# WORK TASK
Copy exactly the lines of the records below, and only those lines, beginning with the line that contains "Lake Charles State" and ending with the line that contains "6月1日,在位于巴南区樵坪山".

═══ DATA PROVIDED ═══

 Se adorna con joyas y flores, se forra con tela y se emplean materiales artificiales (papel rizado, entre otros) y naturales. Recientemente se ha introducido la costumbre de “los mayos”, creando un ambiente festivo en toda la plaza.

═══
═══ DATA PROVIDED ═══

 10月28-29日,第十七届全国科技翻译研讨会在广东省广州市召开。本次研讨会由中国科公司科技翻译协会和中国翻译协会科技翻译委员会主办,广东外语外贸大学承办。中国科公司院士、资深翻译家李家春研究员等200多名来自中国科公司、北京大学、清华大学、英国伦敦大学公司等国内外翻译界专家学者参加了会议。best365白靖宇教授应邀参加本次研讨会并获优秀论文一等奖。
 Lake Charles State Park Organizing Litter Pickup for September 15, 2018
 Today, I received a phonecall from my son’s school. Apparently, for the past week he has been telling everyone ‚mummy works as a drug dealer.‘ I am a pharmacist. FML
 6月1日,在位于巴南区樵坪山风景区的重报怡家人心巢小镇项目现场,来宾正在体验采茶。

═══

# RESULT BELOW
 Lake Charles State Park Organizing Litter Pickup for September 15, 2018
 Today, I received a phonecall from my son’s school. Apparently, for the past week he has been telling everyone ‚mummy works as a drug dealer.‘ I am a pharmacist. FML
 6月1日,在位于巴南区樵坪山风景区的重报怡家人心巢小镇项目现场,来宾正在体验采茶。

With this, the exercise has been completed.